Organismal Data Acquisition, Documentation and Storage:  All exemplar species from which DNA is sequenced will be scored in the organismal matrix (a compilation of data from the morphological, anatomical, cytogenetic and behavioral surveys) by Cushing’s team.  Available characters from the literature will be included, along with those newly discovered and documented through original observation.  To ensure consistent treatment and repeatability, characters will be critically examined in specimens, described using standard terminology agreed upon by senior personnel, and documented with illustrations.  Matrices will be compiled and edited using Nexus Data Editor and WinClada (Nixon 2002).  Digital images documenting character states and voucher specimen data will be databased.

 
DNA Sequencing:  The AMNH Molecular Systematics Lab, where sequencing will be conducted by a technician under Prendini’s direction, contains two ABI PrismTM 3730xl automated DNA sequencers, a Biomek NX sequencing robot for automated PCR and sequence purification, three Eppendorf Mastercyclers, two MJ Research Tetrad 4-head and two Dyad MJ Research Thermocyclers for PCR.  Standard protocols are used for DNA isolation, amplification and double-stranded sequencing (Prendini, Crowe and Wheeler 2003).  Sequence editing is conducted using SequencherTM 4.6 (Gene Codes Co., Ann Arbor, MI).  At least six gene loci (genome samples of 500–1000+ base-pairs that can be sequenced as single pieces in both directions), summing to ca. 5.6 kilobases, will be sequenced for all solifuge species for which fresh material is obtained: 18S rDNA, 28S rDNA, Histone 3 (nuclear genome); 12S rDNA, 16S rDNA, Cytochrome Oxidase I (mitochondrial genome).  These loci were chosen due to availability of primers that consistently amplify large, phylogenetically informative fragments in diverse arachnids and because they evolve at different rates, providing resolution at overlapping taxonomic levels (Prendini, Crowe and Wheeler 2003; Prendini, Weygoldt and Wheeler 2005).  Elongation Factor 1-α and Polymerase II (nuclear genome) and NADH dehydrogenase subunit I and Cytochrome Oxidase II (mitochondrial genome) may be added if containing sufficient variation and easy to amplify.

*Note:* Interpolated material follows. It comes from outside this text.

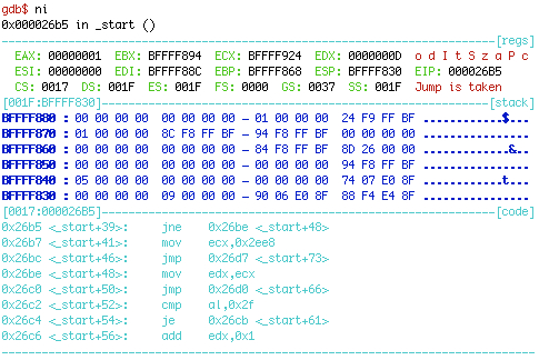 First one is about conditional jump display. Original gdbinit doesn’t tell you what will be the decision that will be taken on a conditional jump. You must look at the flags and check that! Well… I can’t memorize this kind of stuff (in reality I can but it’s useless so I refuse to) and computers were created to automate tasks! So I just added a nice Jump is taken or Jump is NOT taken (ripped from Ollydbg 😉) display!

Vouchering and Archiving Data:  Specimens examined and illustrated for morphological analysis will be labeled as vouchers in the database, as will tissue samples stored in the Ambrose Monell Cryo Collection.  Morphological and genetic data will be centralized on the project website, allowing data exchange between project participants and dissemination of results.  Sequences will be submitted to GenBank, morphological data and images to MorphBank and MorphoBank, and trees to the Tree of Life and TreeBase.

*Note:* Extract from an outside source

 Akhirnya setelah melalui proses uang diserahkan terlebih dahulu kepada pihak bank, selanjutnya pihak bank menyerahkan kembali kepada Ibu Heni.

Missing Data:  Although we will aim for complete organismal and molecular matrices, missing or inapplicable data are unavoidable.  We will use reductive coding (Strong and Lipsomb 1999) or construct chimeras or composite terminals when necessary.  Chimeras will be limited to taxa the monophyly of which is unlikely to affect results of the analysis, e.g., we might combine morphology, karyotype and DNA from three different Chelypus species to form a ‘Chelypus’ terminal.  The effects of missing data on analyses will be assessed by removing taxa with missing data, reanalyzing, and comparing to the original results.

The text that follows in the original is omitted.